Start of PROVIDED MATERIAL

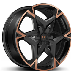
Viegļmetāla diski "Polar Copper" R19 (R9E, PD2)
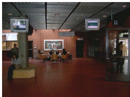
A Kulttuurikeskus előtere

Az iskola nagyon jól felszerelt, az új épületek főleg (TeKu, torniói épületek). A tanárok nagyon jól beszélnek angolul (bár a finneknél mindenki jól beszél), jól felkészültek, közvetlenek és segítőkészek. Az iskola két részre bomlik, Kemi és Tornio. Tornioiban ritkábban jártunk. Kemiben két fő épület van, a Kulttuurikeskus ahova a Business Management szakirányosok jártak és a Teku, ahová az IT-sek. Ezen felül van még egy nagyon jó Learning Center, ami a könyvtári funkciókat is ellátja. Innen akár laptopot, is lehet kölcsönözni 2 hétre, amit persze hosszabbítani is lehet – mindez ingyen. A félévek két negyedévre vannak bontva. Így október végén már vizsgák vannak. Lehet számítani virtuális
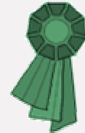
Ventajas de competitividad

End of PROVIDED MATERIAL

YOUR INSTRUCTIONS
All of the material above should be copied exactly, minus the pictures.

RESULT FOR THIS EXERCISE
Viegļmetāla diski "Polar Copper" R19 (R9E, PD2)
A Kulttuurikeskus előtere

Az iskola nagyon jól felszerelt, az új épületek főleg (TeKu, torniói épületek). A tanárok nagyon jól beszélnek angolul (bár a finneknél mindenki jól beszél), jól felkészültek, közvetlenek és segítőkészek. Az iskola két részre bomlik, Kemi és Tornio. Tornioiban ritkábban jártunk. Kemiben két fő épület van, a Kulttuurikeskus ahova a Business Management szakirányosok jártak és a Teku, ahová az IT-sek. Ezen felül van még egy nagyon jó Learning Center, ami a könyvtári funkciókat is ellátja. Innen akár laptopot, is lehet kölcsönözni 2 hétre, amit persze hosszabbítani is lehet – mindez ingyen. A félévek két negyedévre vannak bontva. Így október végén már vizsgák vannak. Lehet számítani virtuális
Ventajas de competitividad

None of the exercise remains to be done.